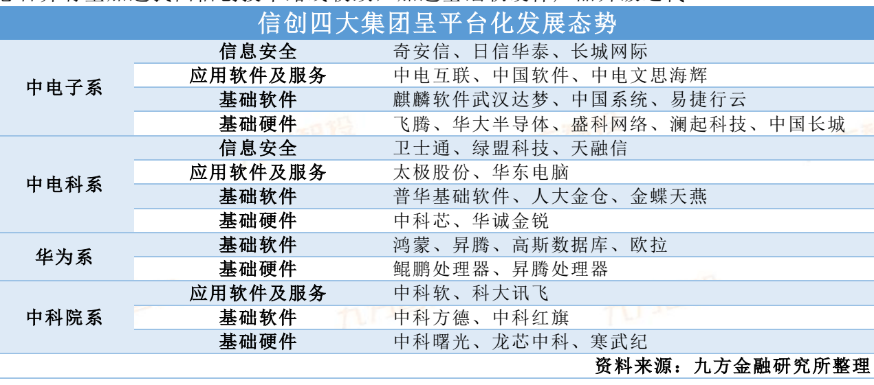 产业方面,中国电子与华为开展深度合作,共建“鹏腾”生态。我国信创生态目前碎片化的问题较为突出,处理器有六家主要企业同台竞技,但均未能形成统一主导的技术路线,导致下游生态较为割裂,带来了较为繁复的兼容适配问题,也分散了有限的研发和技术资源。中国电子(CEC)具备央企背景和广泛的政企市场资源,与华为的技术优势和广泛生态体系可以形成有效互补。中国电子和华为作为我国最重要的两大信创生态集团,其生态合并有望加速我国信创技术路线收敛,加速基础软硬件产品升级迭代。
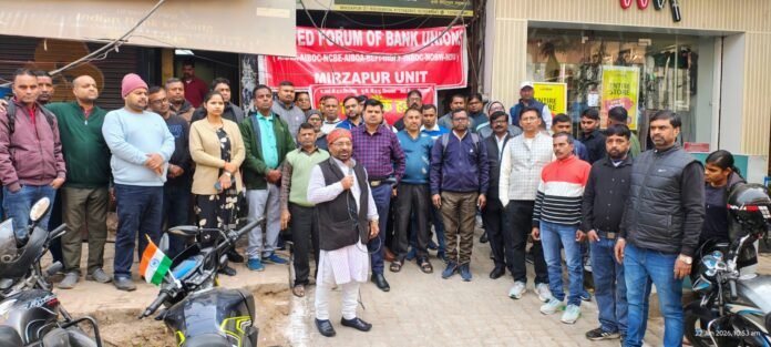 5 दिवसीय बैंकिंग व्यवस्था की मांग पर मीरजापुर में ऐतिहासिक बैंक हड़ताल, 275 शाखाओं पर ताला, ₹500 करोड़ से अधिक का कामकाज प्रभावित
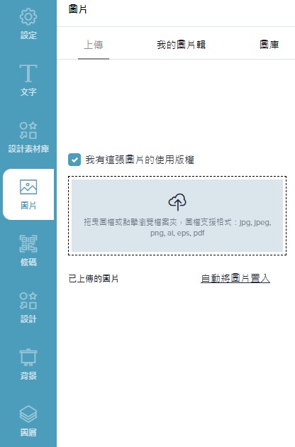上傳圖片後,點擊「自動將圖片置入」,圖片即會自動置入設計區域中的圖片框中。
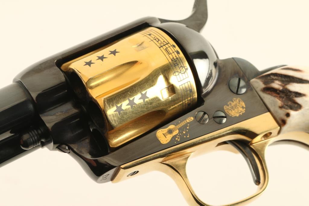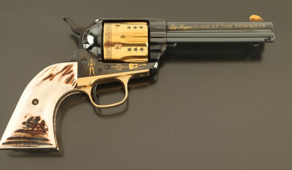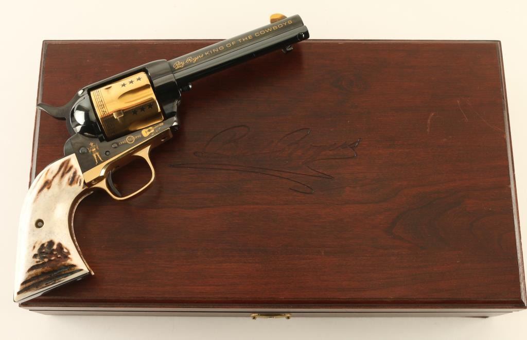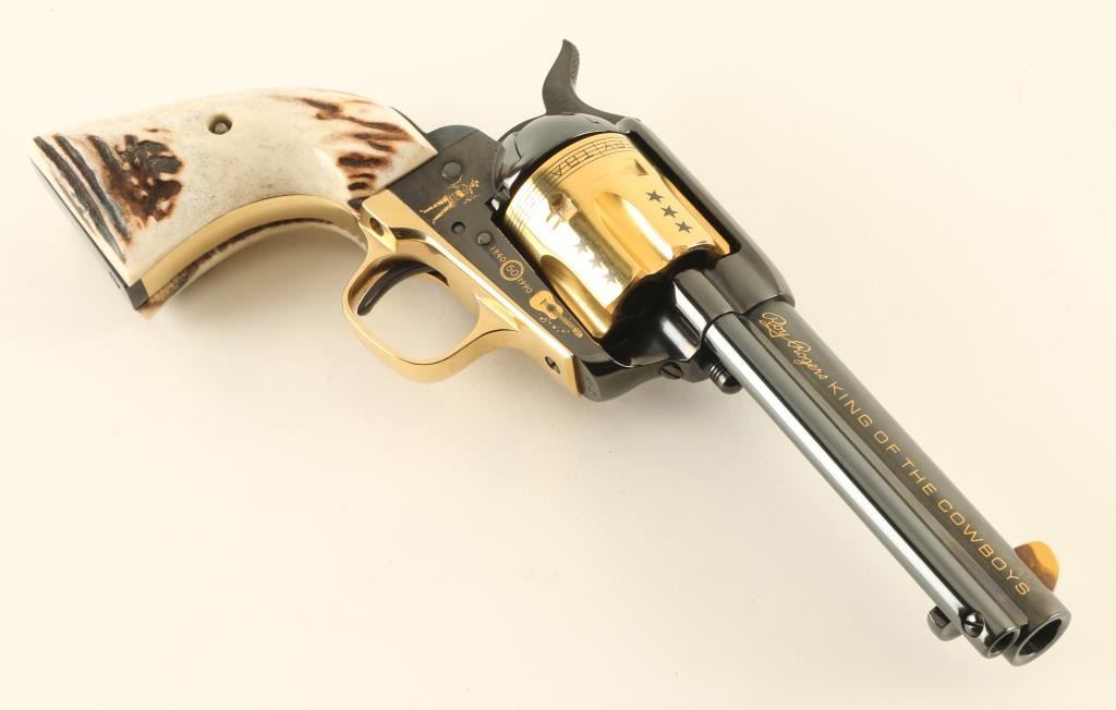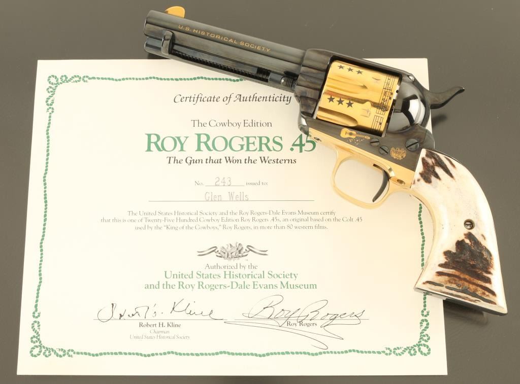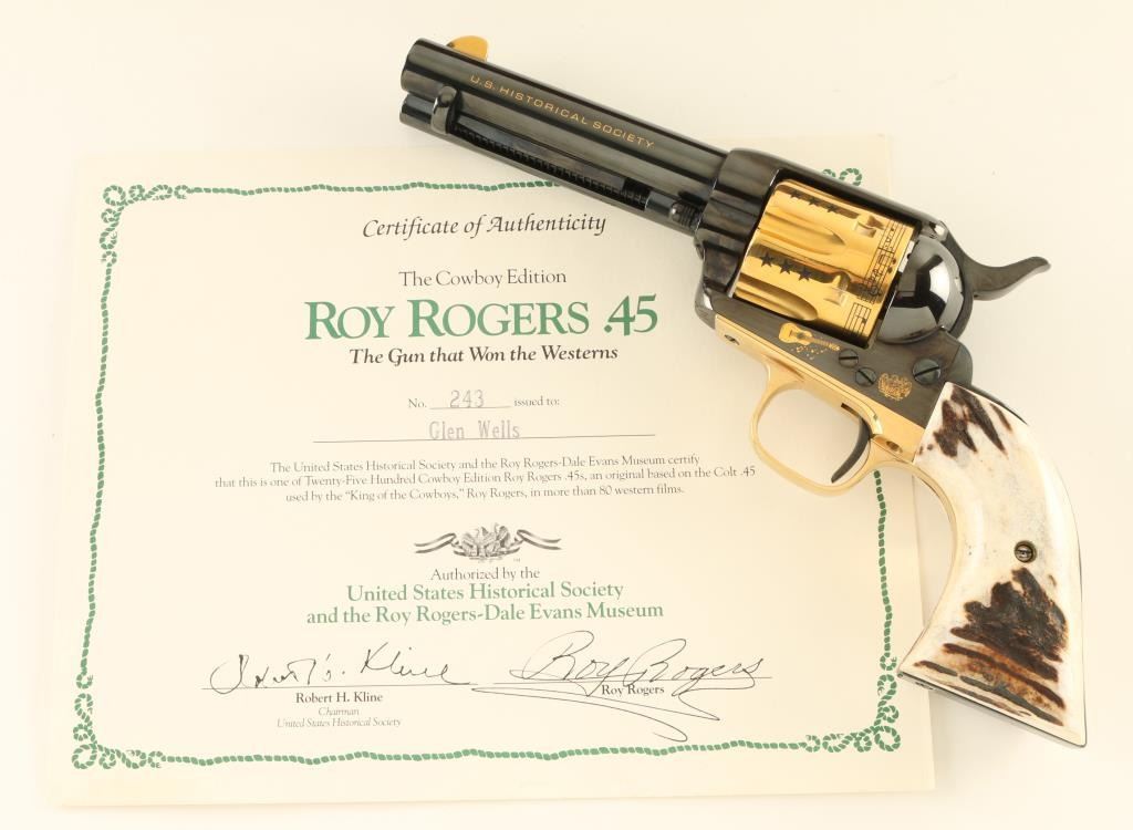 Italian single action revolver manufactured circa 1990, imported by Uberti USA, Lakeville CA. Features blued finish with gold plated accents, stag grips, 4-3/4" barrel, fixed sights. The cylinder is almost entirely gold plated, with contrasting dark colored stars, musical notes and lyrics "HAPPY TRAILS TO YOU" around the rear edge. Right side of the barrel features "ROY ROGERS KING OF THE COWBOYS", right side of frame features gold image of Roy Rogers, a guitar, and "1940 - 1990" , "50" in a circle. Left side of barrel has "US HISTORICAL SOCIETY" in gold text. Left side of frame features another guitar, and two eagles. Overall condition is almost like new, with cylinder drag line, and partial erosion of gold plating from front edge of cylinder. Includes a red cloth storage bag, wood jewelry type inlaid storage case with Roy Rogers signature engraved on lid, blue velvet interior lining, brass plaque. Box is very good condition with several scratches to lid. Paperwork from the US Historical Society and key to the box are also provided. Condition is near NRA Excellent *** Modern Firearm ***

════════════════

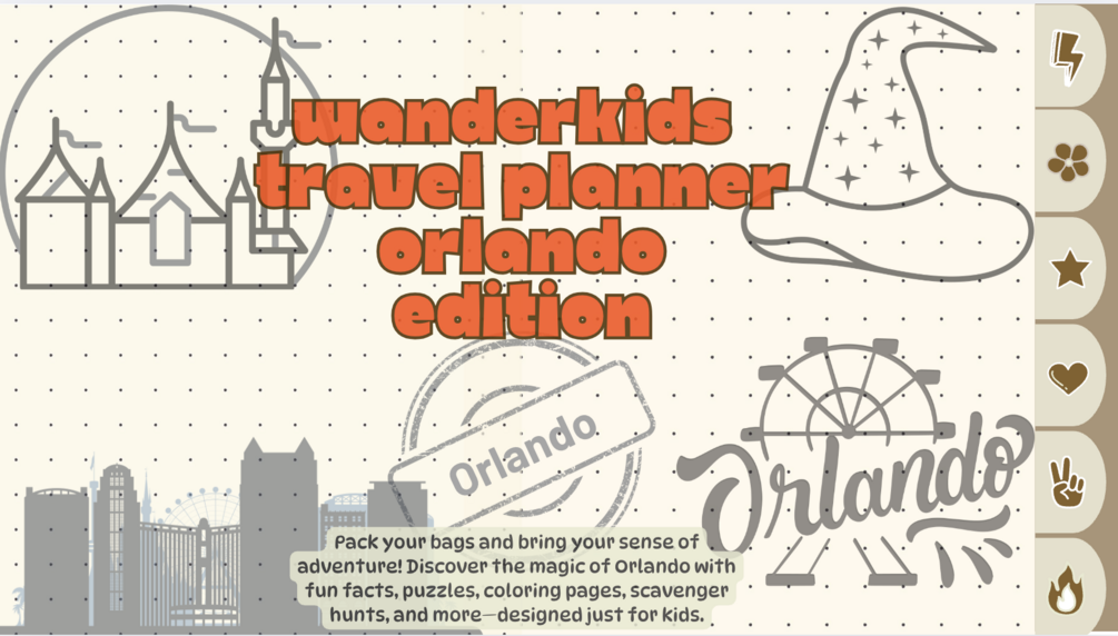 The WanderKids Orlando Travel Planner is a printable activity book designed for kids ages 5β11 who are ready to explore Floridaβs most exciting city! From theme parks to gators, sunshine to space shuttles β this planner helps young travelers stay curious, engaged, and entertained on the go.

════════════════

:: Prompt ::
In the material above, which lines fall between the one holding "产业方面,中国电子与华为开展" and the one holding "上傳圖片後,點擊「自動將圖片置入」,圖片即會自動置入設計區域中的圖片框中。", inclusive? Print exactly those, with the pictures left out.

:: Answer space ::
 产业方面,中国电子与华为开展深度合作,共建“鹏腾”生态。我国信创生态目前碎片化的问题较为突出,处理器有六家主要企业同台竞技,但均未能形成统一主导的技术路线,导致下游生态较为割裂,带来了较为繁复的兼容适配问题,也分散了有限的研发和技术资源。中国电子(CEC)具备央企背景和广泛的政企市场资源,与华为的技术优势和广泛生态体系可以形成有效互补。中国电子和华为作为我国最重要的两大信创生态集团,其生态合并有望加速我国信创技术路线收敛,加速基础软硬件产品升级迭代。
 5 दिवसीय बैंकिंग व्यवस्था की मांग पर मीरजापुर में ऐतिहासिक बैंक हड़ताल, 275 शाखाओं पर ताला, ₹500 करोड़ से अधिक का कामकाज प्रभावित
上傳圖片後,點擊「自動將圖片置入」,圖片即會自動置入設計區域中的圖片框中。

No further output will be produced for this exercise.